Rubin called Minaya's charges, "deplorable, ludicrous, flabbergasting and startling." Jeff Wilpon followed up his general manager's surreal accusation by saying media-types have been known to ask him hypothetical questions about a franchise's operational directions or for career advice. "And I don't think there's anything wrong with that, for Adam to come to me with that" Wilpon added. Reporters sometimes do leap over to the dark side, for better pay or personal growth. David Kahn, Minnesota Timberwolves' president of basketball operations, used to be an NBA writer and columnist for the Portland Oregonian. Chris Snow, director of hockey operations for the Minnesota Wild, used to be a baseball writer for the Boston Globe.
"This was a well-reported, well-researched, exclusive story, and it's a shame that the Mets deemed fit to cast aspersions on our reporter instead of dealing with the issues at hand," Martin Dunn, editor-in-chief of the Daily News, said in a statement. "We stand by Adam 1,000 percent."
The New York press corps is an odd collection of agendas and egos. We bicker, complain, gossip and try to beat the vowels out of every competitor. Some can shut off the nonsense after deadline; others, like Adam Rubin, can't ever really quiet the noise. He's forever making the extra call, filing another story. I say this after covering thousands of baseball innings with Rubin, including hundreds of games on the road: there might not be a reporter more dedicated to his beat.
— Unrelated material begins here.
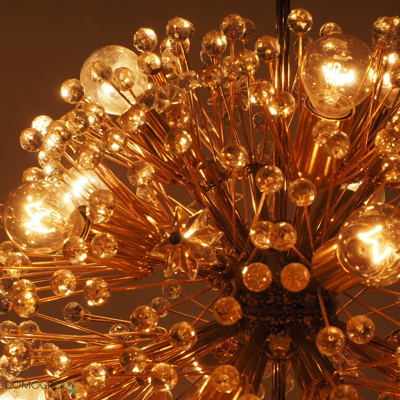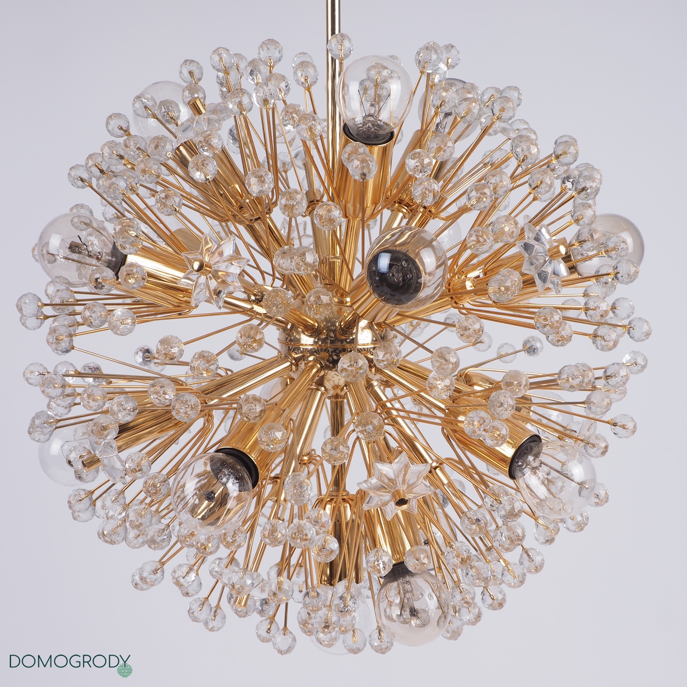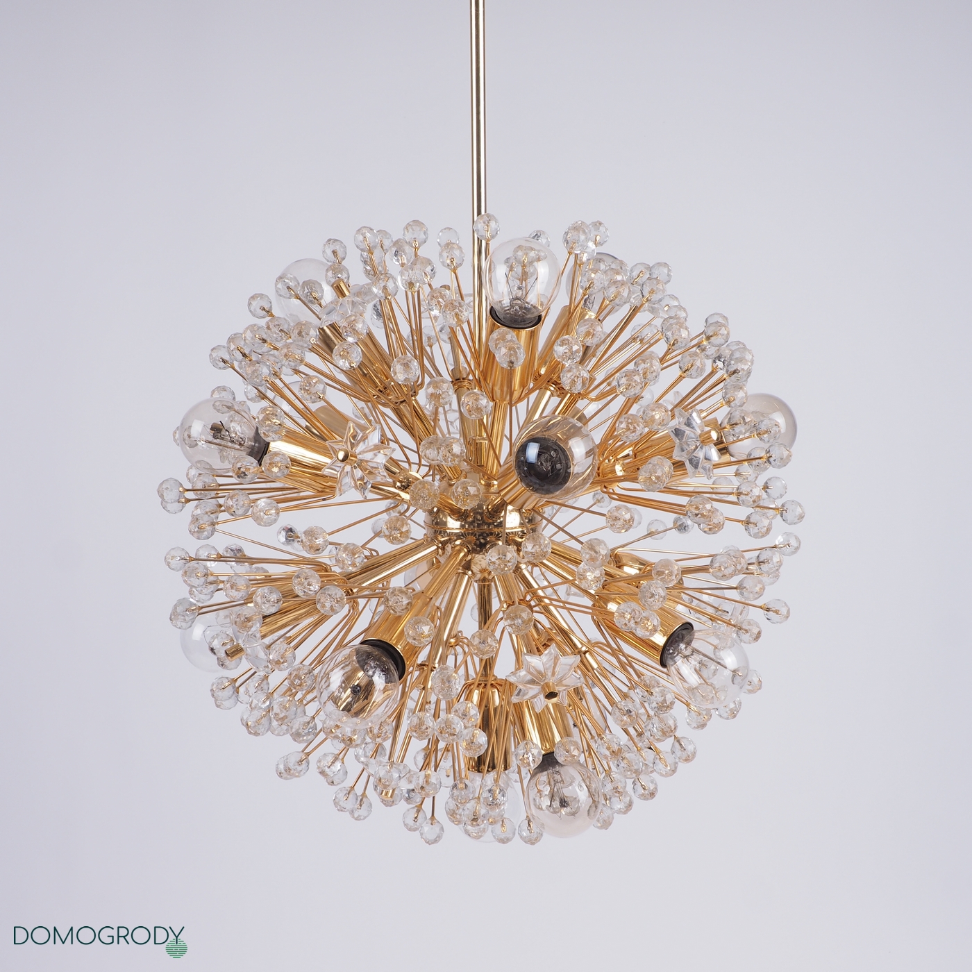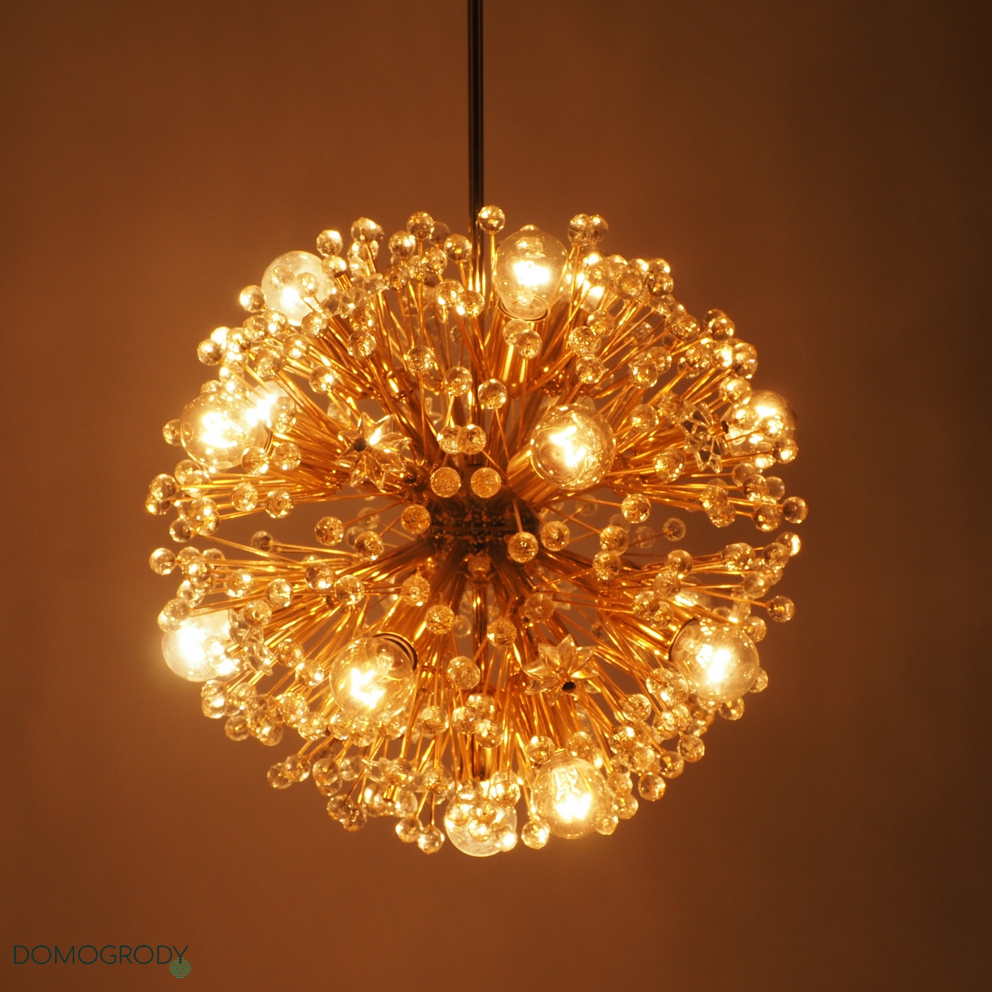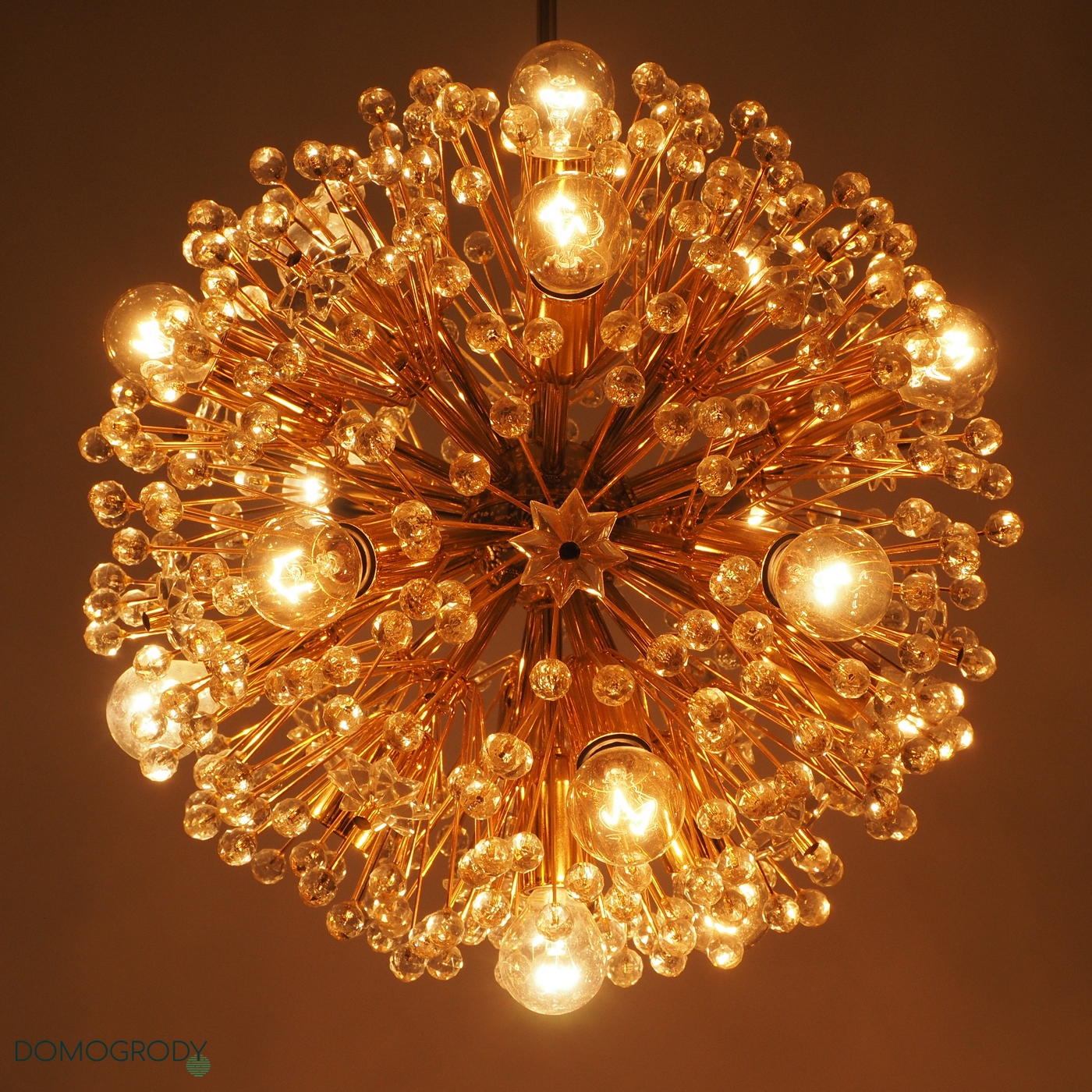 Lampa sufitowa z lat 60-tych. Projekt Emil Stejnar dla austriackiej Firmy Rupert Nikoll. Niektóre źródła podają jednak, że faktycznie lampę tę zaprojektował Nikola Ruperrt. Emil Stejnar (ur.1931 r.) jest najsłynniejszym projektantem który pracował dla Ruperta Nikola, pochodzi z Austrii, według Wikipedii zaprojektował wiele żyrandoli, kinkietów opraw sufitowych i luster. Lampa potocznie nazywana dmuchawcem lub kulą śnieżną, wykonana z mosiądzu i szkła kryształowego. Wymaga 17 żarówek z gwintem e14, jest zachowana w pięknym oryginalnym stanie, sprawna.

Sure, we've had conversations about how to survive a profession in which raises and bonuses had been eliminated. Would a job in academia make sense? What about working for a team? If you haven't heard, the newspaper business isn't exactly printing money.
But if Rubin was angling for Bernazard's job, shouldn't Minaya have proof in the form of a resume, a cover letter? No, better to trash the reputation of a fine reporter who just happened to write a series of scathing articles on the dysfunctional front office, including Minaya's role in the ongoing mess.
The Mets, decimated by injuries to nearly every starter, probably won't be in a position to turn September into another nail-biting adventure. The logjam on the disabled list isn't Minaya's fault, but the rashes of miscommunication between medical staff and players happened on his watch. Hmm, how to deflect that issue?
The Mets' minor-league system might not be barren, but it sure needs watering and tending. Sources within it say Bernazard alienated scouts and other executives, punching a lot of holes in the organization with his behavior. He had a confrontation on a team bus with closer Francisco Rodriguez, a profanity-laced dust up with a team official during a game at Citi Field, in front of fans. Hmm, how to change the subject?
Before Minaya went off the deep end, he said an internal investigation by the team's human resources department had shown "multiple things" that led the Mets to fire Bernazard. "There was an investigation already going on because some people had filed [reports], employees within the organization that had complaints about Tony ... in different areas, but I can't get into details," Minaya said of Bernazard. Hmm, how to spin the story away from the truth and into dubious reality?
Powder the red nose and point the water hose, that's how. The Mets do both so very well.